Write out again, unchanged, the line that has "Dressed in a" and each following line through the end of the entries below; leave pictures out.

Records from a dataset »
[Start of section]

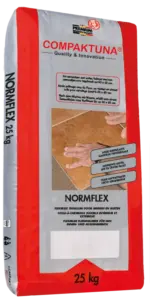 NORMFLEX is een droge samenstelling die door eenvoudige toevoeging van water een gebruiksklare lijm geeft met een verhoogde flexibiliteit.
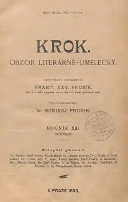 - Krok (3) byl český obecně vzdělávací časopis, věnovaný veškerým potřebám středního školstva, který svým názvem záměrně navázal na předchozí časopis vědecký. Vycházel v Praze v letech 1877–1899. Vydával ho profesor Akademického gymnázia František Xaver Prusík, články přispívalo šest středoškolských profesorů: Václav Emanuel Mourek, Bohumil Bauše, Petr Durdík, Jan Hulakovský, Jan Slavík a Josef Škoda. Tiskl František Šimáček,
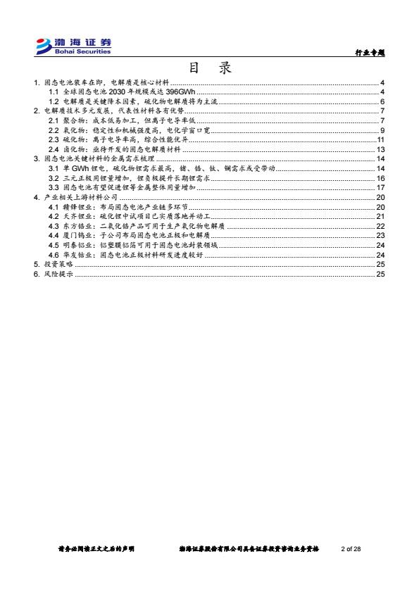 【21125E】【渤海证券】固态电池材料行业专题报告:固态电池引领产业变革,核心金属迎来需求新机 1天前 9月 1 预览结束,本文件为PDF文档,一共28页,请购买后,下载查看 资源下载下载价格59 H币VIP免费升级VIP立即购买下载或充值问题请将订单号发送到:2907878669@qq.com ,我们会在24小时内为您处理 能源化工
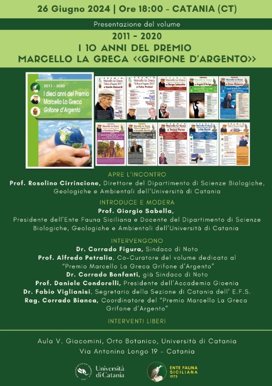 Mercoledì 26 giugno alle 18, nell'aula "Giacomini" dell'Orto Botanico dell'Università di Catania (via Antonio Longo 19, Catania), si svolge la presentazione del volume "2011-2020. I 10 anni del premio Marcello La Greca «Grifone d'argento»", a cura dell'Ente Fauna Siciliana.
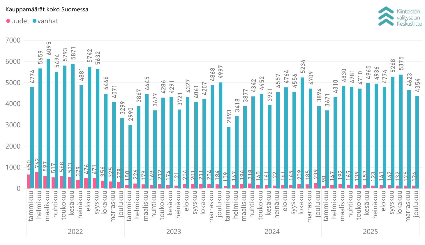 Vuonna 2025 tehtiin Kiinteistönvälitysalan Keskusliiton Hintaseurantapalvelun tietojen mukaan 58 282 asuntokauppaa. Näistä 1 685 oli uusia kohteita.
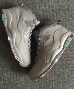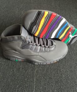 Dressed in a Cool Grey and White color scheme, much like the other Air Jordan “Cool Grey” releases. This Air Jordan 10 features a Cool Grey upper highlighted by its colorful outsole. Each color represents one of the opponents MJ and the Bulls defeated on their way to six NBA Championships.
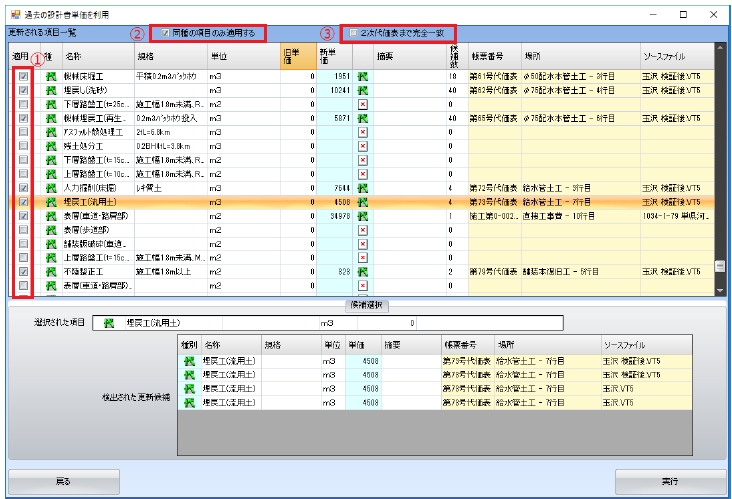 すべての適用単価を選択後、実行ボタンを押すことで単価が設計書に適用されます。

[End of section]

RESPONSE TO THE TASK »
 Dressed in a Cool Grey and White color scheme, much like the other Air Jordan “Cool Grey” releases. This Air Jordan 10 features a Cool Grey upper highlighted by its colorful outsole. Each color represents one of the opponents MJ and the Bulls defeated on their way to six NBA Championships.
 すべての適用単価を選択後、実行ボタンを押すことで単価が設計書に適用されます。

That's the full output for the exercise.